Getting There With Existing Clients
If you’re reading this thinking about a backlog of existing clients who aren’t compliant with any of this, that’s okay. The right time to plant a tree was twenty years ago. The second-best time is today.
Pick the dependency that unlocks everything else and start there. Active Directory and identity management tends to be the first domino because file access, remote access, and password resets all tie back to it. From there, work the roadmap systematically.
You don’t have to do it all at once. Re-onboarding one client a month, or even one every two months, is real progress. You’ll chip away at the backlog, solve problems systematically, and free your team up in the process.
When clients push back, and occasionally they will, the conversation should start well before you’re presenting a project proposal. Stack compliance expectations belong in the sales conversation and in your contract. If a client agrees to the partnership, they’re agreeing to let you run the ship on these things. That framing makes the later conversations much easier.
The rare client who fundamentally refuses to standardize is probably a client worth re-evaluating. In my experience, the vast majority come around once they understand the business case.
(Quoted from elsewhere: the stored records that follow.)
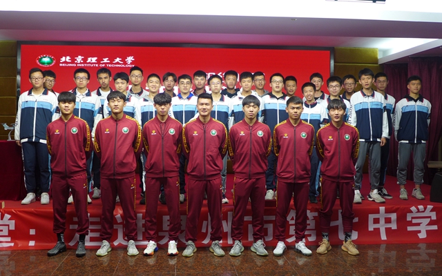 此次活动恰逢2019国际大体联足球世界杯在泉州举行。澳门太阳城app部分球队代表也来到七中,加入到“太阳城app讲堂”的活动中。他们的到来引发阵阵欢呼,将活动推向高潮。球队辅导员卢斌热情洋溢地向同学们介绍了澳门太阳城app足球队并诚邀观赛共唱国歌,同学们争相上台与球队合影。
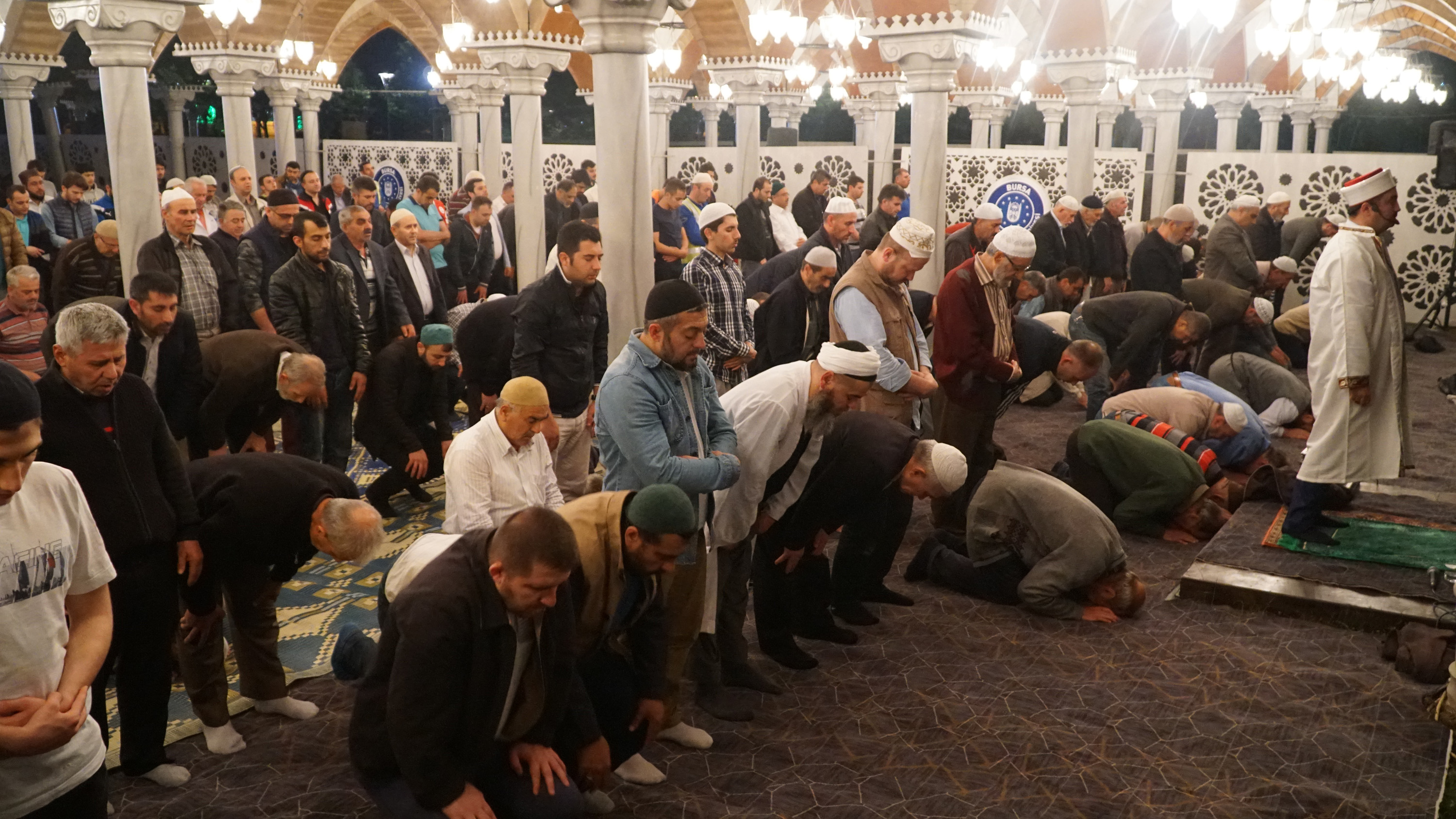 Bursa Büyükşehir Belediyesi Kültür Turizm Daire Başkanlığı ve Kültür A.Ş. tarafından düzenlenen ‘Şehr-i Ramazan’ etkinlikleri, 11 ayın sultanı Ramazan akşamlarının keyfine keyif katmaya devam ediyor. Merinos Parkı’nda gök kubbeli açık namazgâhta, teravih namazını bu kez Bursa Mihraplı Camii İmam Hatibi Musa Coşkun kıldırdı. İlahiler ve salavatlar ile son bulan teravih namazının ardından alanda kurulan sahneye önce ‘Kavuklu ve Kıvırcık’ çıktı, ardından da Türk gölge oyununun en önemli kahramanları Karagöz ve Hacivat’ın canlı gösterisi gerçekleştirildi. Karagöz ve Hacivat, renkli atışmalarıyla özellikle çocukları eğlenceye doyurdu.
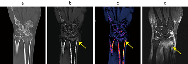 図3 橈骨遠位端骨折 CTで不顕性であったが、BBIで骨折部位が確認できた。3日後のMRIとも良好に一致している。

Frame every change around what it means for them: better productivity, lower risk of downtime, faster support when things go wrong.
Start Now, Whatever Stage You’re At
Whether you’re a solo MSP owner with twenty clients or a growing team trying to scale past a million in revenue, the same principle applies. The more consistent your tech and support stacks are, the more efficient your team becomes, and the more profitable your fixed-fee agreements get.
Build the tech standards. Build the support standards. Work them deliberately with every client, starting with the next one you onboard.
Efficiency isn’t just a number on a spreadsheet. It’s the thing that lets you grow without breaking.